- [Task directions] From the material below, return exactly the lines starting at the one that holds "对于这个充电进度view,我" and ending at the one that holds "2、在装扮界面,选择右侧的【头饰】装饰部件搭配角色。". Pictures stay out of the answer.

- [Material for this task]

----

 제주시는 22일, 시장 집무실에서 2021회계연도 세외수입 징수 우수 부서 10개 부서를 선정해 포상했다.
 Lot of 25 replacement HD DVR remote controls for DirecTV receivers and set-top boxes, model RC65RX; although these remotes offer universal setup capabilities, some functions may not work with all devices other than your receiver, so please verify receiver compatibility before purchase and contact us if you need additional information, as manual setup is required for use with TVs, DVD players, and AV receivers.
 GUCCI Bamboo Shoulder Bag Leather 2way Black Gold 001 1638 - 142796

----

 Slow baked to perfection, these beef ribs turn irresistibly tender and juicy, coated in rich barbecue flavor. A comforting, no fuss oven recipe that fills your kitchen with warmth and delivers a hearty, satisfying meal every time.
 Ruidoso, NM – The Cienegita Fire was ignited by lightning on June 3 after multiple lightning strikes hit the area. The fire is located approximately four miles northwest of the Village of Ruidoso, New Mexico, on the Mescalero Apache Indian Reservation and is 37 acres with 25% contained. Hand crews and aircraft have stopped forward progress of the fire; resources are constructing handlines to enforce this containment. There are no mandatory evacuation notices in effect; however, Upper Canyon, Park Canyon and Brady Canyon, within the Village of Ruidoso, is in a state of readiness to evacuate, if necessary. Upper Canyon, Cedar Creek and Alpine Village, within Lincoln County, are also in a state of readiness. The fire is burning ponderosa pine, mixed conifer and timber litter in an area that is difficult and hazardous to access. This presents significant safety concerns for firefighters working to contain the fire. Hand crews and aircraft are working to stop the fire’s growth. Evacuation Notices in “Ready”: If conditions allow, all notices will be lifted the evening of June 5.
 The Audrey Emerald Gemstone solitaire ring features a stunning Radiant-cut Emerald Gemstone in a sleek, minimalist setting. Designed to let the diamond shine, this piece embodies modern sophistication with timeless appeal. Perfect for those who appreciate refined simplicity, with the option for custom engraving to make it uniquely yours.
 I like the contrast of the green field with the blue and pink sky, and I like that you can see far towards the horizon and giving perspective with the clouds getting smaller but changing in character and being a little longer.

----

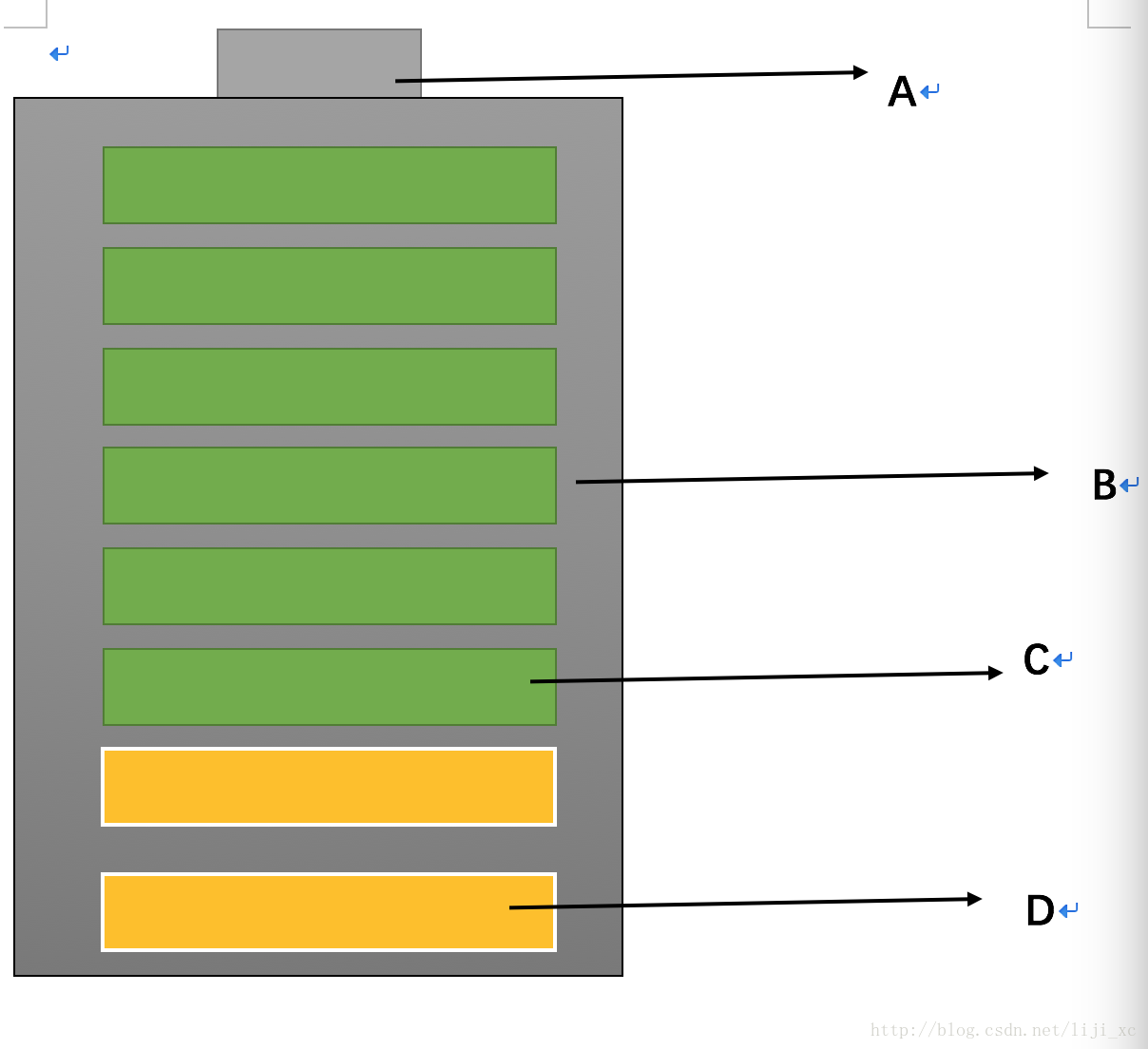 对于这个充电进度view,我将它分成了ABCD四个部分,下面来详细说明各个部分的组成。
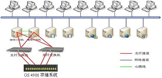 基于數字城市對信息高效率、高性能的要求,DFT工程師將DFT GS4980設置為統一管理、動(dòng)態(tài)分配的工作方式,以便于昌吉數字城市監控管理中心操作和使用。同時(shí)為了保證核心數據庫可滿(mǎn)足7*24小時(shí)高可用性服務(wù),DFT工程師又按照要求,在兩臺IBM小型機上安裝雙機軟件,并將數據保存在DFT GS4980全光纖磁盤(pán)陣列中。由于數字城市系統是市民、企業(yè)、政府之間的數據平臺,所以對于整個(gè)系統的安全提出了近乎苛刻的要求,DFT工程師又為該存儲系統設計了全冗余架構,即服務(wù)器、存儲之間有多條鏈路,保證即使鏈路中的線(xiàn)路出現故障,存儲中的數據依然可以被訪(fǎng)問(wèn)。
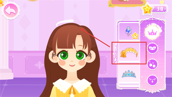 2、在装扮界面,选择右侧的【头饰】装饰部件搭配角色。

----

- [Your solution]
 对于这个充电进度view,我将它分成了ABCD四个部分,下面来详细说明各个部分的组成。
 基于數字城市對信息高效率、高性能的要求,DFT工程師將DFT GS4980設置為統一管理、動(dòng)態(tài)分配的工作方式,以便于昌吉數字城市監控管理中心操作和使用。同時(shí)為了保證核心數據庫可滿(mǎn)足7*24小時(shí)高可用性服務(wù),DFT工程師又按照要求,在兩臺IBM小型機上安裝雙機軟件,并將數據保存在DFT GS4980全光纖磁盤(pán)陣列中。由于數字城市系統是市民、企業(yè)、政府之間的數據平臺,所以對于整個(gè)系統的安全提出了近乎苛刻的要求,DFT工程師又為該存儲系統設計了全冗余架構,即服務(wù)器、存儲之間有多條鏈路,保證即使鏈路中的線(xiàn)路出現故障,存儲中的數據依然可以被訪(fǎng)問(wèn)。
 2、在装扮界面,选择右侧的【头饰】装饰部件搭配角色。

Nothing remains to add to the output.